The Greater Noida to Jewar metro link has completed its DPR but has not begun construction. The Ghaziabad to Jewar Rapid Rail Transit System, which would offer journey times of 37 to 72 minutes from central NCR, is in the planning phase with a projected completion no earlier than 2031. The Ballabhgarh to Jewar metro corridor has not yet completed a DPR.
It matters for the traveller profile Jewar needs to attract in its first phase. The domestic leisure and lower-cost traveller from Noida and Greater Noida is precisely the segment most sensitive to last-mile access. A passenger choosing between Jewar and IGI who lives in Delhi will, for the foreseeable future, face a longer, more expensive, and less predictable surface journey to the newer airport.
The airport’s management has partially mitigated this by securing direct bus links from the Botanical Garden metro station and Pari Chowk, and by providing a direct connection to the expressway system. But until the metro arrives, Jewar’s accessible market will remain materially smaller.
There is a third constraint, less visible than connectivity but consequential for the kind of hub ambitions the master plan implies. Both IGI and Jewar sit within the Delhi Flight Information Region, managed by the Airports Authority of India.
When both airports are operating at scale, with IGI handling upward of 86 aircraft movements per hour under its expanded capacity and Jewar adding its own departure and arrival streams, airspace coordination becomes a non-trivial operational challenge. The two airports share terminal control airspace and approach paths. This again will require carefully managed separation standards, particularly as Jewar scales from its initial 50 daily flights to the hundreds of daily movements implied by Phase 2 and beyond.
A Credible Beginning, With Known Risks
The inauguration of Jewar is genuinely significant. It demonstrates that India can build complex greenfield infrastructure to international specification, on a compressed timeline under a private concessionaire, in a sector where the country’s record has been uneven.

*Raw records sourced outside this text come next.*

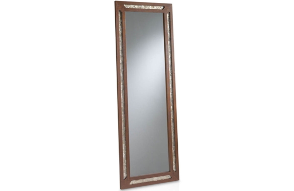 Miroir en pied fabriqué en bois de frêne et déco de nacre incrusté.
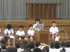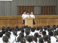 児童集会では、各学年の代表者が水泳学習の感想を発表しました。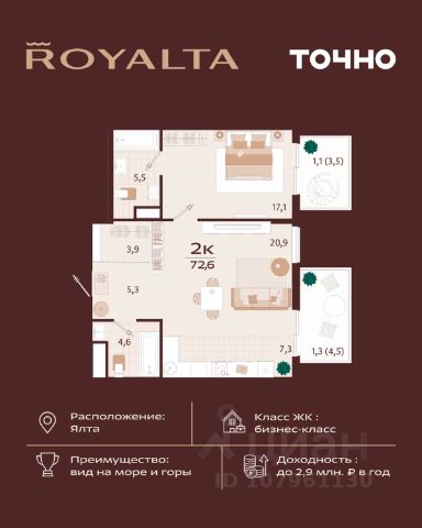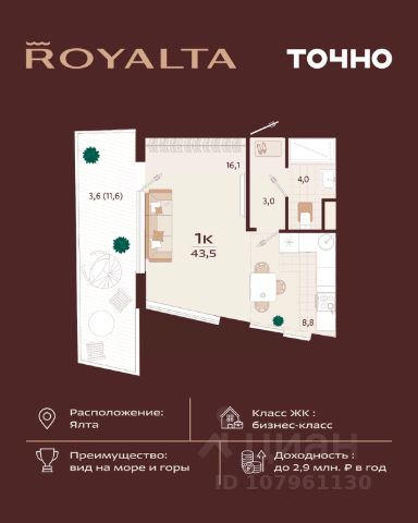 Дворец ХХI века в сердце Крыма! ИНВЕСТИЦИЯ В САМЫЙ ЛИКВИДНЫЙ АКТИВ ЯЛТЫ: Локация всё включено: Вы в шаге от набережной, ресторанов, театров и галерей. Жизнь бурлит прямо у вас под ногами, а тишина и уют ждут вас дома. Максимальная доходность: Спрос на качественное жилье с ВИДОМ НА МОРЕ в центре Ялты — стабильно высокий круглый год. Стоимость только растет: Премиальная недвижимость в условиях ограниченного предложения в центре — лучший актив для сохранения и приумножения капитала. Почему стоит рассмотреть этот проект: • Премиум-класс: закрытая территория, подземный паркинг, бассейн Infinity, террасированный ландшафт, двор без машин. • Роскошь без компромиссов: Сервис 5 звездочного отеля! Премиальная управляющая компания, которая вызовет Вам такси из аэропорта, подготовит квартиру для проживания, либо сдаст номер гостям Ялты! •Вид, который меняет всё: Утренний кофе и вечерний бокал вина с панорамой Ялтинского залива. Ваша главная достопримечательность — прямо за окном. • Высокий инвестиционный потенциал — рост цены уже на этапе стройки Хватит смотреть на море - пора жить с видом на него! Звоните — расскажу про гибкие условия оплаты в Вашей Южной резиденции!

The terminal, designed by a consortium including Grimshaw and Nordic Office of Architecture, has been widely praised for its quality and its cultural references to Uttar Pradesh’s riverine landscape. The cargo infrastructure, developed in partnership with Air India SATS, positions the airport as a multi-modal logistics node for the pharmaceutical and electronics clusters that line the expressway. Akasa Air’s decision to anchor an MRO facility at Jewar signals confidence that goes beyond the launch phase.
The test, however, is not the inauguration. It is whether, five years from now, Jewar has built a route network that draws on its own demand base rather than diverting it from IGI; whether the RRTS and metro links have arrived to make the airport genuinely accessible; and whether the airspace and regulatory framework has matured to manage two major airports in the same metro without the kind of slot congestion and coordination failures that have periodically disrupted Delhi’s aviation system.
Modi’s runway is open, and the foundation stone is laid. The rest of the work is structural, institutional, and unglamorous, which is precisely where India’s infrastructure story has most often stalled under previous governments. Whether Delhi NCR becomes a genuine dual-hub market or a city with two airports pulling against each other will be decided not by a day of fanfare, but by the decade of policy and investment discipline that follows it.